As a data science consultancy, our teams at Elder Research have solved a great variety of challenging problems in a wide range of industries. Usually these problems are intractable for a single individual, and by bringing a team together with a diverse set of skills and backgrounds, we have greater success than we would with just one “type” of data scientist. Teaming a Data Researcher (a person with substantial statistical depth) with a Data Developer (who excels at the programming nuts and bolts that drive data wrangling) on a project often proves to be a powerful combination. So how do you build a team unicorn? There is no single best way, as recruiting and hiring is an imprecise process, and excellent Data Scientists come from a wide variety of academic backgrounds and work histories. Nevertheless, we have found a few approaches that have helped us to build strong teams that have earned the trust of our clients and consistently delivered ongoing value.
Over the last five to ten years many high quality programs have emerged that offer the degree of Master’s in Data Science. Many of our Data Scientists have graduated from these programs, and they are a huge asset. This degree provides exposure to a wide variety of key statistical techniques and technologies, and Data Scientists from these programs are often able to quickly zero in on the right solution for a given problem. Students from these programs often, but not exclusively, fit into the Data Creative category, and are broadly successful in a variety of project roles.
One question I have been asked is whether a PhD is necessary for success as a Data Scientist. Though I’d answer with a resounding “No”, including technical PhDs on your team is something I would strongly recommend. The process of obtaining a PhD requires developing a depth of critical thinking and inquiry, particularly in the face of a new problem, when even the right questions to ask must be discovered. PhD earners have demonstrated tenacity for facing challenges and a unique approach to problem solving that can add richness to the Data Science process. They often fall into the Data Researcher group, and will bravely delve deeply into something that is technically challenging. On the down side, some doctoral earners have trouble adjusting to the industrial reality of deadlines, budgets and deliverables. They may unconsciously prefer to solve a related, small problem perfectly instead of delivering a suitable solution to the actual, big, messy problem. This distinction is essential to discover.

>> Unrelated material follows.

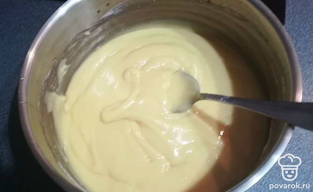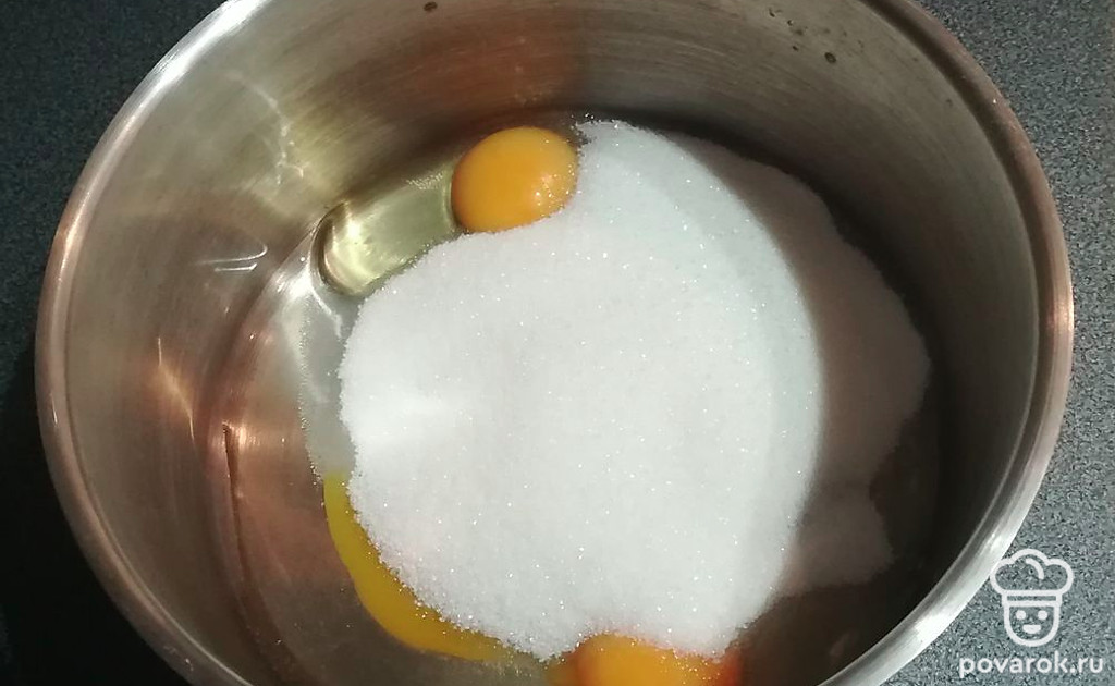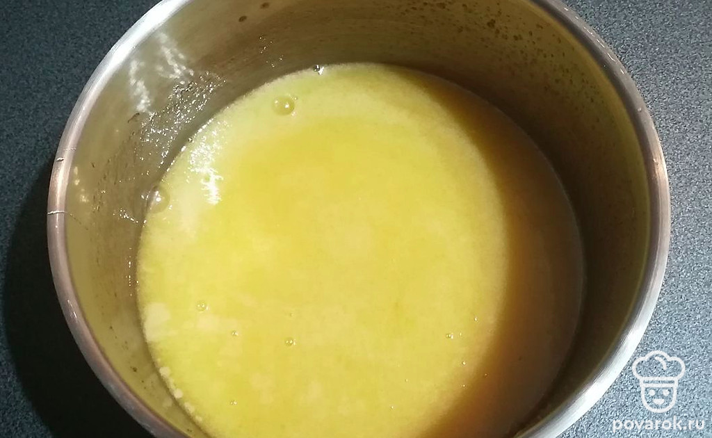 Добавьте сахар, все взбейте и добавьте растопленный маргарин, соль и соду.

In addition to team members with Data Science Master’s Degrees and technical PhDs, software engineers turned Data Scientists (whether through education, training, or a combination) are another critical part of successful data science teams. Data Scientists with this background often fall into the Data Developer category, and their software engineering mindset is essential for creating robust, repeatable code. It is especially necessary as data integration and pipelining are critical to any Data Science project, and having someone familiar with software engineering best practices can help make deliverables in these areas really stand out.
In Building Data Science Teams, DJ Patil highlights curiosity, storytelling, and cleverness, as essential skills which complement technical acumen. He mentions three questions that he has used as guidelines for hiring, the first of which — “Would we be willing to do a startup with you?” — specifically calls out the importance of trust and communication.

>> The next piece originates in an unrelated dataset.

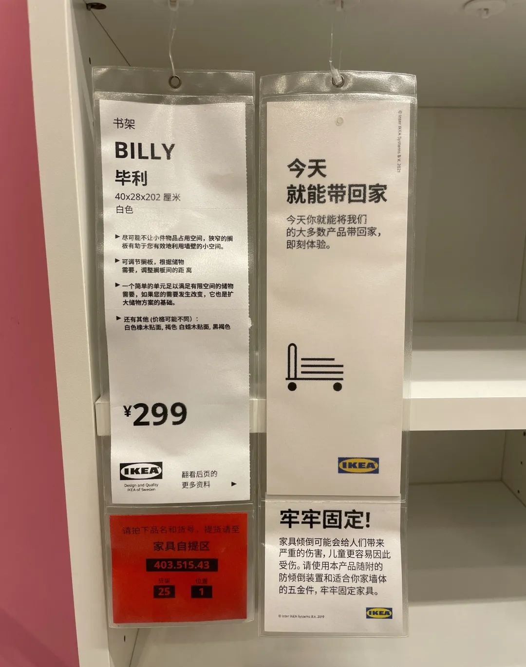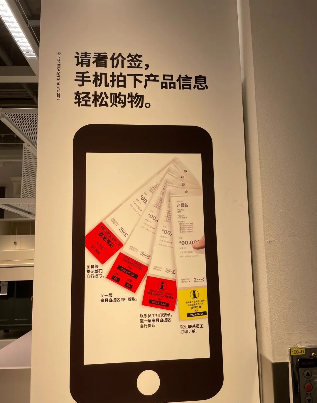 △ 宜家的商品標(biāo)簽(紅色標(biāo)簽的商品需要到商品展區(qū)或提貨區(qū)自提,部分商品也需要打印訂單,標(biāo)簽上都會(huì)有說(shuō)明)

In short, all of the technical skills listed so far are meaningless if you can’t trust that individual and they cannot communicate effectively, both internally and with external stakeholders. Moreover, because the best data science is done by teams, rather than individuals, finding people who are a good cultural fit almost always trumps expertise in a specific skill. Technical mindset, willingness to learn, and the humility to ask questions can often fill gaps in your team.
Lastly, we emphasize humility, when considering potential teammates, as it is an essential quality to growth, to learning, to respecting others, and to listening. (And who likes an arrogant consultant?) When we truly listen, we’re armed to figure out where the client’s pain is, and to solve it.